兜兜等得着急,眼皮这时候也毫无缘由地跳动起来,他心里生出一种不妙的预感,抬起上半身离开了黎舒衍大腿,蹙紧眉毛紧紧盯着手机,过了一小会儿,叶知秋告诉他一个惊天噩耗:【兜兜,我和我哥要搬家了】
兜兜懵了一瞬,甚至怀疑自己看错了,他揉了揉眼睛,重新一个字一个字看了一遍,最终才敢确认。
“搬家?”黎舒衍很是意外,虽说他一直和纪然保持着最基本的日常联系,但交流过程中却从未听对方提起过搬家的事,“好端端的怎么会搬家呢,别着急,你先问问看。”
兜兜仰头望着天花板长长叹了口气,心情一下从要请人吃饭的期待与激动跌落到即将和好友分别的难过之中,巨大的落差感笼罩着他,导致他敲键盘的时候很难提起精神,显得动作慢吞吞的。
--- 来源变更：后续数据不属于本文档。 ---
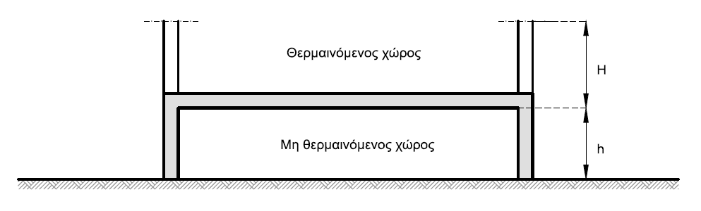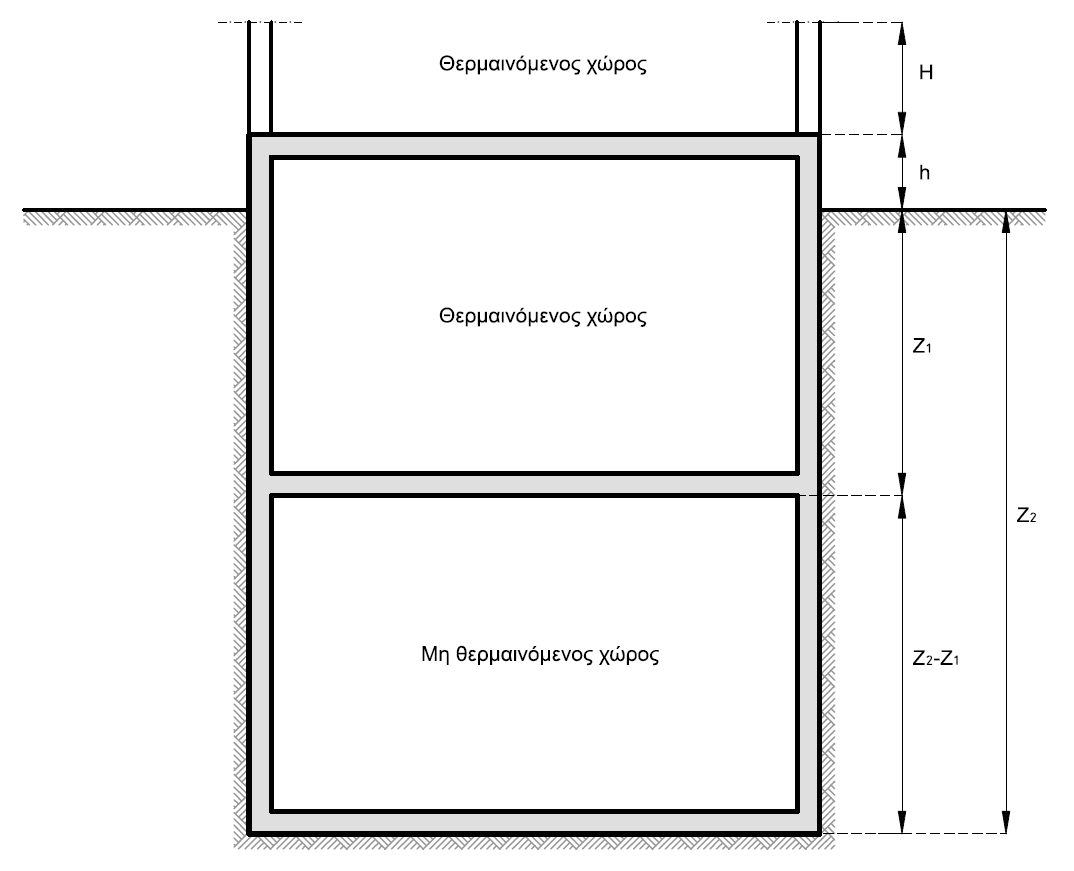 * Το δάπεδο του υπογείου θεωρείται αμόνωτο σκυρόδεμα (30cm) σε επαφή με το έδαφος.

听纪然道明搬家缘由,过了会儿,黎舒衍才开口说:“这样其实也挺好的,哪都比不上家里,况且自媒体工作相对来说灵活性更强一些,回到熟悉的环境,说不定你们还能获得更多新的灵感。”
“对,我也是这么想的。”纪然点头应着,“从我刚来这边读书,到现在为止差不多也九年多了,和父母总是聚少离多,有时候想想,觉得挺亏欠他们的。”
两人这么一来一往,原先沉默的气氛稍稍缓和了些,黎舒衍又感叹了句:“不过真挺突然的,之前也没听你提起过这事儿。”
“其实我也是不久前才开始考虑到底要不要搬家,不过最近算是彻底下定决心。”
“一切顺利吧,祝你和小叶。”
“谢谢。”
接下来,又是新一轮的沉默。
兜兜请吃饭一事暂且泡汤,他和黎舒衍刚从和平小区回来,连家门都还没进,就直接来到纪然家里了。
纪然说搬家是为了换个环境,给自己,也给叶知秋,想去过另一种生活。到了一定的人生阶段,就会想要离家更近一点,这个城市,这个家,是漫漫人生旅途中的某处落脚点,它可以随时供人歇息,但总归不是根之所在。
也许还有其他不方便告知他人的原因,但现在再谈论那些,已经没有任何意义了。
兜兜理解并接受纪然所做的决定,但心里难免感到失落和遗憾,他撇撇嘴,很小声地说:“可是这样我们以后就很难再见面了。”
“怎么会?”叶知秋两条胳膊把他整个人夹住,还抱着晃了几下,“我们可以打视频啊,而且你忘了我是鬼吗,时间和空间对我来说都不是问题,只要你想见我,我就会立刻出现在你面前。”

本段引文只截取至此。